The industry is so crazy now because of the last recession. Investors didn't know where to put their money after the real estate collapse and they decided to pour it all into funding startups hoping, at all costs, to catch the next Facebook.

We're starting to see that maybe even Facebook isn't really the next Facebook.

Additionally we never really solved the root of the last crisis: exploding credit/debt.

It's impossible to know how this will all really play out this time (who would have guessed that the pandemic would be immediately followed by a stock boom). However my advice would be to focus on adaptability. Don't chase a dead dream too long. If tech never comes back to the insane period we're in now, I think there will be a lot of former developers that suffer a long time before they realize this.

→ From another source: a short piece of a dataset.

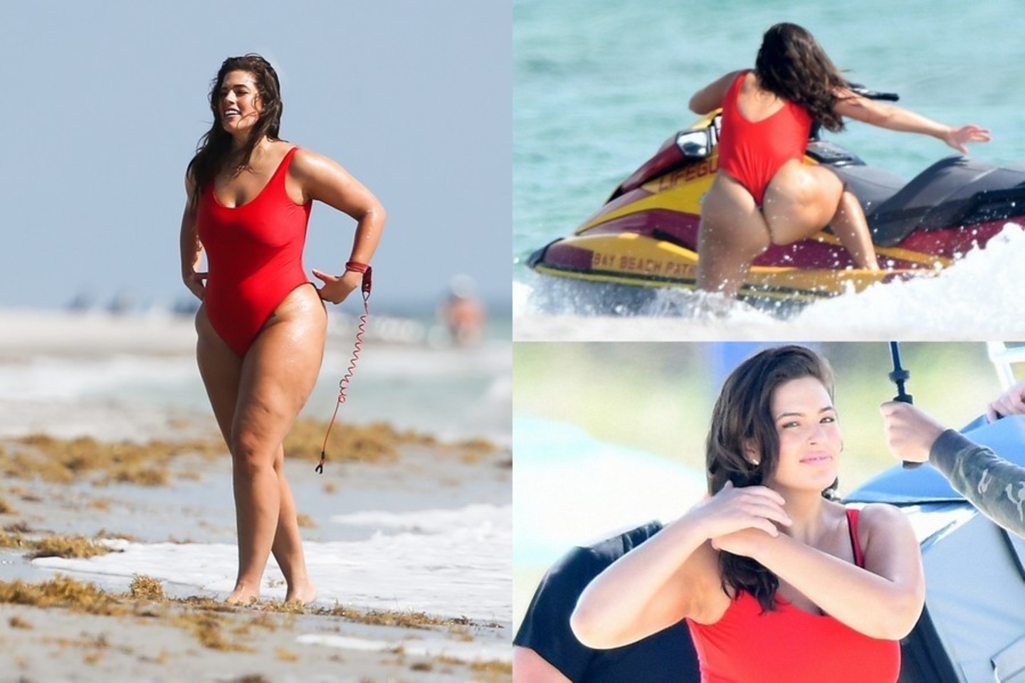 Pasipuošusi raudonu vientisu maudymosi kostiumėliu, gražuolė nutarė paplaukioti vandens motociklu. Su kūno linijas paryškinančiu maudymuku Ashley puikiai jautėsi – tai matyti ir iš jos judesių. Be jokių kompleksų, su šypsena veide, ji staipėsi prieš fotografus.

Most people in 2010 would’ve taken a $500B or even $300B market cap FB as a major tech company right now without any expectation of getting too much bigger than that ever. $300B, $400B, $500B are still top 25, 15, and 10 in the world today.


Cumulative inflation from 2010 to 2022 was 33%. Cumulative inflation over the preceding 12 years (1998-2022) was 34%.

Just because this year’s inflation was high, there’s nothing extraordinary about overall inflation in the post-GFC period.


But would’ve they predicted the that value of those 300B US dollars would be worth so much less?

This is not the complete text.